__Exercise objective__. The reply should contain only the lines from the start of the records through the line with "Keramický džbán 419-20", reproduced verbatim and without pictures.

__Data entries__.
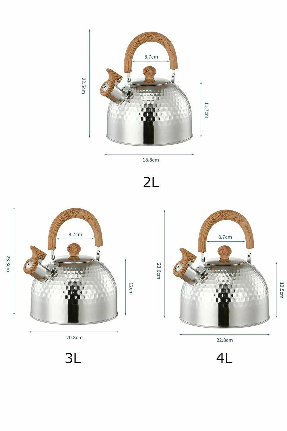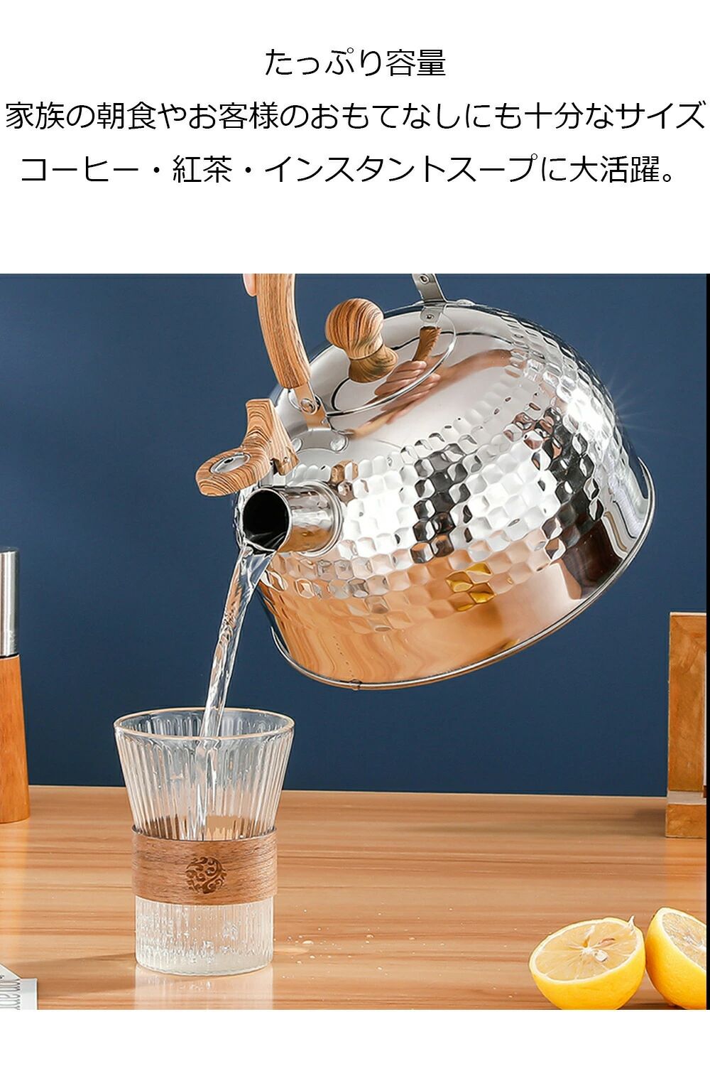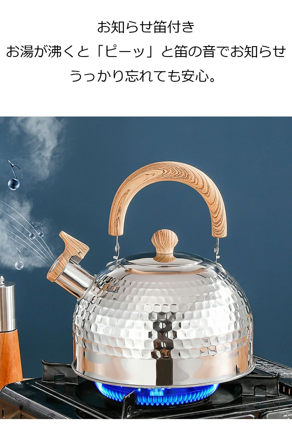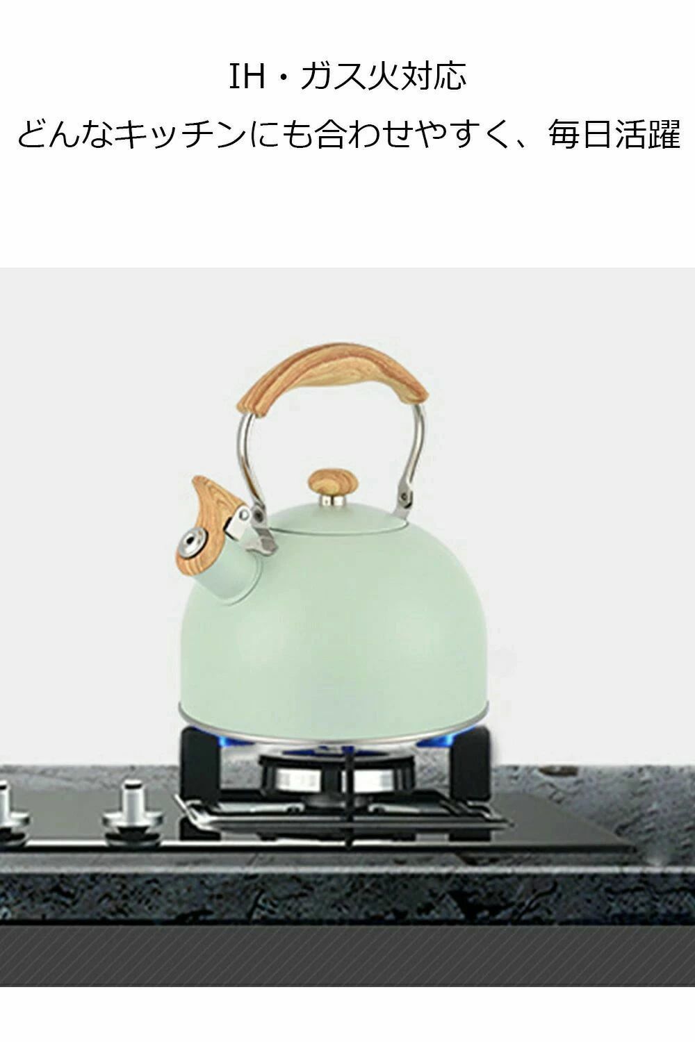 キッ おしゃれデザイン 断熱ハンドル 直火OK ガス火対応 IH対応 広口タイプ 大容量 4L 3L 笛吹きケトル ステンレス製 や 2L
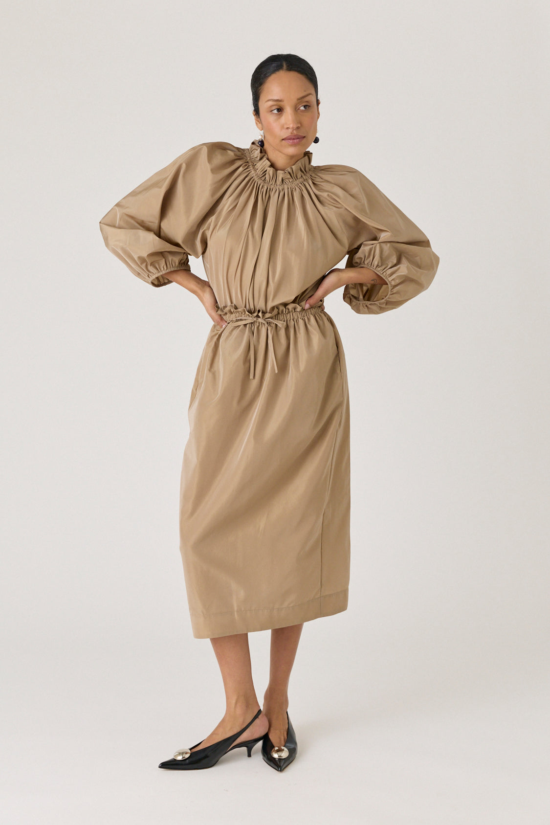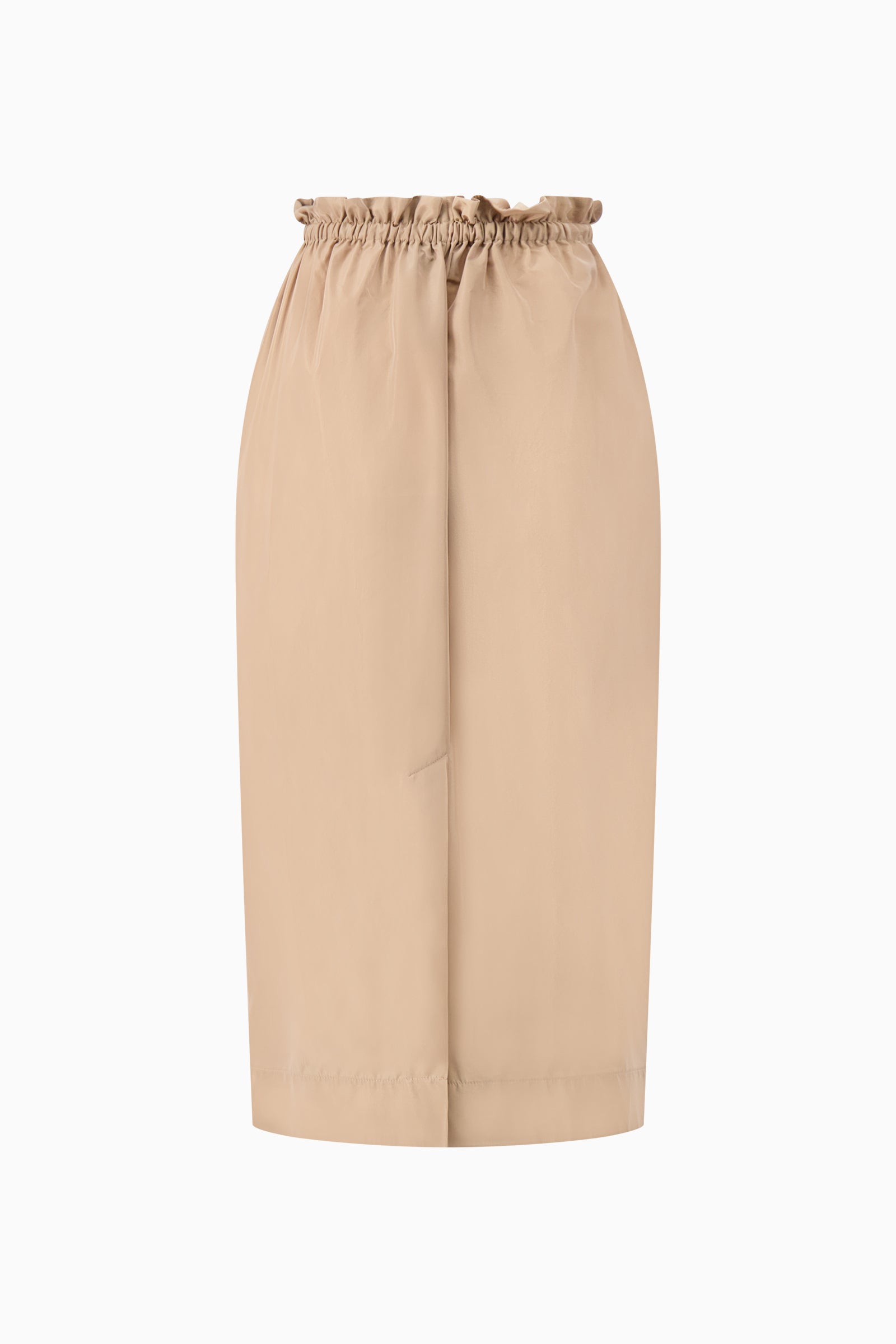 Midi skirt in a crisp woven fabric. High gathered waist with an adjustable drawstring tie. Relaxed, straight silhouette with a clean hem.
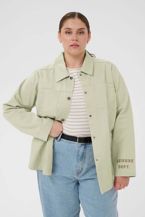 Diese Shacket zeigt einen geraden Schnitt, klassischen Hemdkragen und lange Ärmel. Die Vorderseite ist mit Knopfleiste und vier aufgesetzten Taschen gestaltet. Am Ärmel befindet sich ein "LEISURE DEPT." Schriftzug.
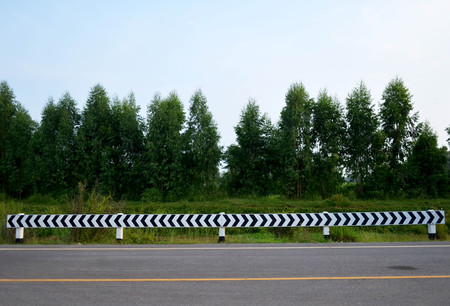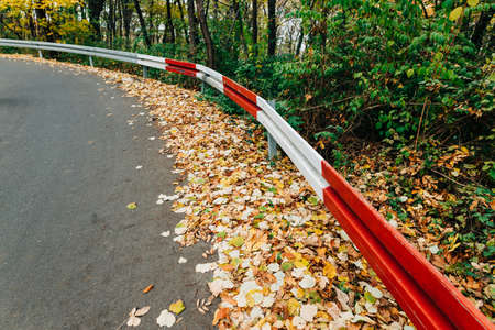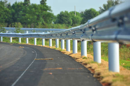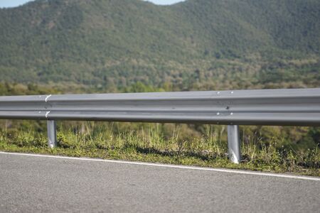 Asphalt road in a countryside with a metal railing or fence on a curve. Open road with trees around and focus on the safety barrier guard on the side.
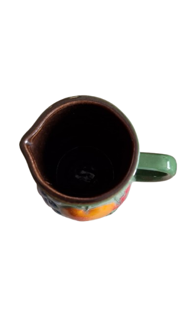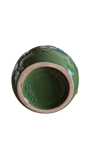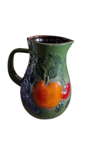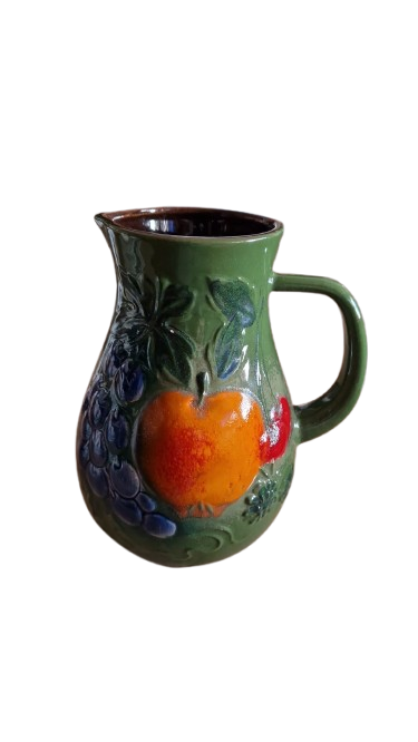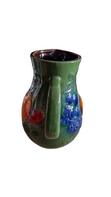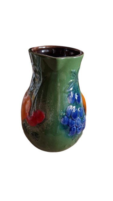 Keramický džbán 419-20 zdobený reliéfními motivy ovoce, jako jsou hrozny, jablko a třešně. Má zelenou glazuru a hnědý vnitřek.
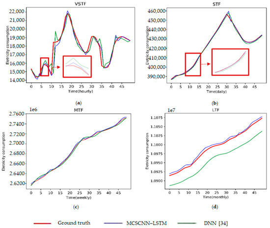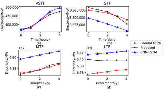 A comparison of the results of the five-step forecasting using the proposed method and CNN–LSTM [27]. The results indicate the proposed method has an absolute advantage in terms of STF, MTF, and LTF. For VSTF, CNN–LSTM performs a little better than proposed MCSCNN–LSTM. (a) Five-step electricity forecasting results for VSTF. (b) Five-step electricity forecasting results for STF. (c) Five-step electricity forecasting results for MTF. (d) Five-step electricity forecasting results for LTF.

__Task output__.
 キッ おしゃれデザイン 断熱ハンドル 直火OK ガス火対応 IH対応 広口タイプ 大容量 4L 3L 笛吹きケトル ステンレス製 や 2L
 Midi skirt in a crisp woven fabric. High gathered waist with an adjustable drawstring tie. Relaxed, straight silhouette with a clean hem.
 Diese Shacket zeigt einen geraden Schnitt, klassischen Hemdkragen und lange Ärmel. Die Vorderseite ist mit Knopfleiste und vier aufgesetzten Taschen gestaltet. Am Ärmel befindet sich ein "LEISURE DEPT." Schriftzug.
 Asphalt road in a countryside with a metal railing or fence on a curve. Open road with trees around and focus on the safety barrier guard on the side.
 Keramický džbán 419-20 zdobený reliéfními motivy ovoce, jako jsou hrozny, jablko a třešně. Má zelenou glazuru a hnědý vnitřek.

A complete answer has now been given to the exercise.